### WORK ITEM
In your copy, leave out the pictures and output only the lines from the one holding "Plafonnier d’intérieur avec" through the end of the data below, exactly.

### DATA PROVIDED
● ● ● ●

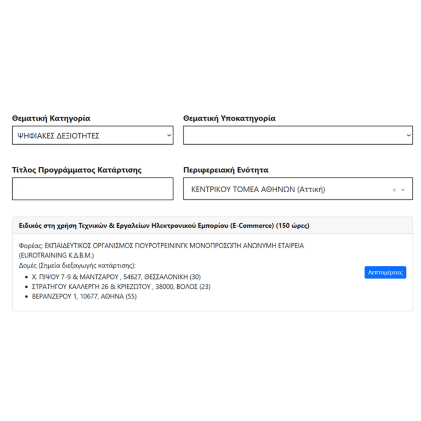Μόλις εντοπίσετε το πρόγραμμα θα πρέπει να προσέξετε στο πεδίο του Φορέα να αναγράφει: ΕΚΠΑΙΔΕΥΤΙΚΟΣ ΟΡΓΑΝΙΣΜΟΣ ΓΙΟΥΡΟΤΡΕΙΝΙΝΓΚ ΜΟΝΟΠΡΟΣΩΠΗ ΑΝΩΝΥΜΗ ΕΤΑΙΡΕΙΑ (EUROTRAINING Κ.Δ.Β.Μ.) όπως εμφανίζεται στην παραπάνω εικόνα.
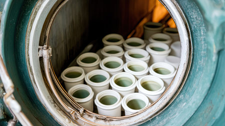 A close-up view of industrial containers arranged inside the chamber of a large machine. The scene highlights organization and efficiency in a manufacturing space.
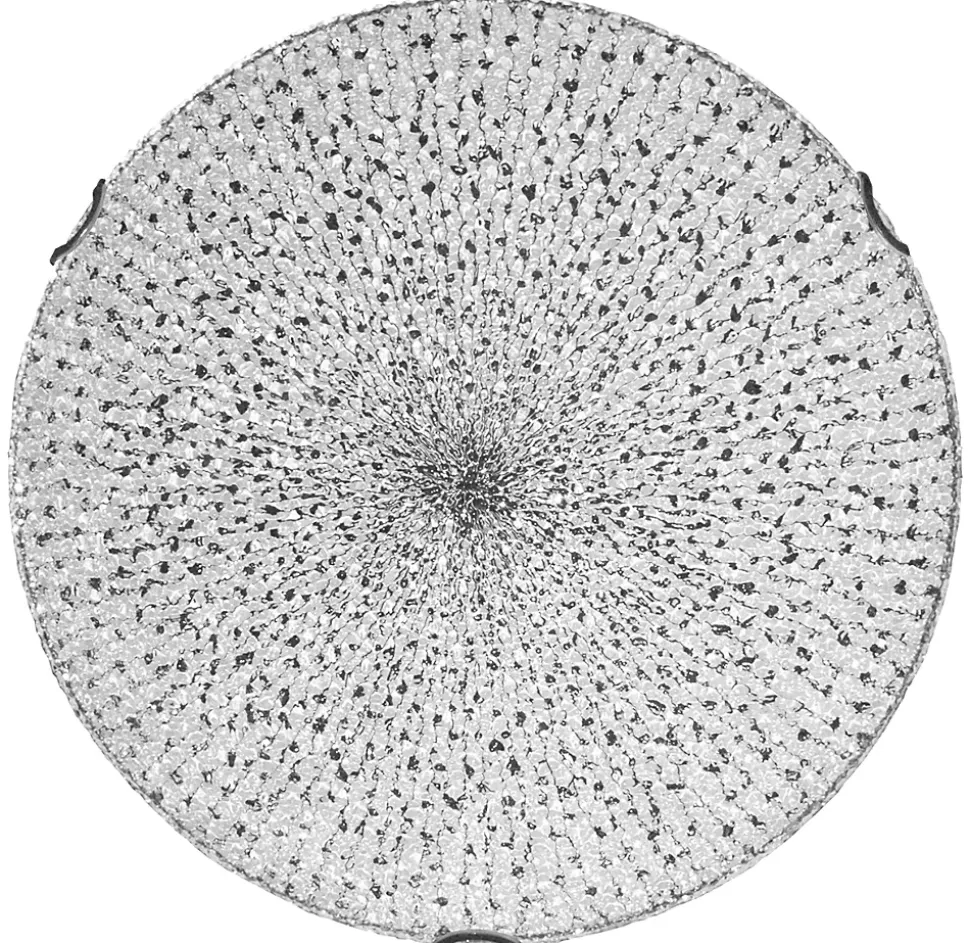 Plafonnier d’intérieur avec diffuseur en verre sablé et sérigraphié. Crochets en métal émaillé avec système de verrouillage à ressort. LED INTEGREE à haute efficacité énergétique.
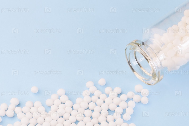 Гомеопатические глобулы и стеклянная бутылка на синем фоне. Альтернативная гомеопатическая медицина

● ● ● ●

### SOLVED EXERCISE
 Plafonnier d’intérieur avec diffuseur en verre sablé et sérigraphié. Crochets en métal émaillé avec système de verrouillage à ressort. LED INTEGREE à haute efficacité énergétique.
 Гомеопатические глобулы и стеклянная бутылка на синем фоне. Альтернативная гомеопатическая медицина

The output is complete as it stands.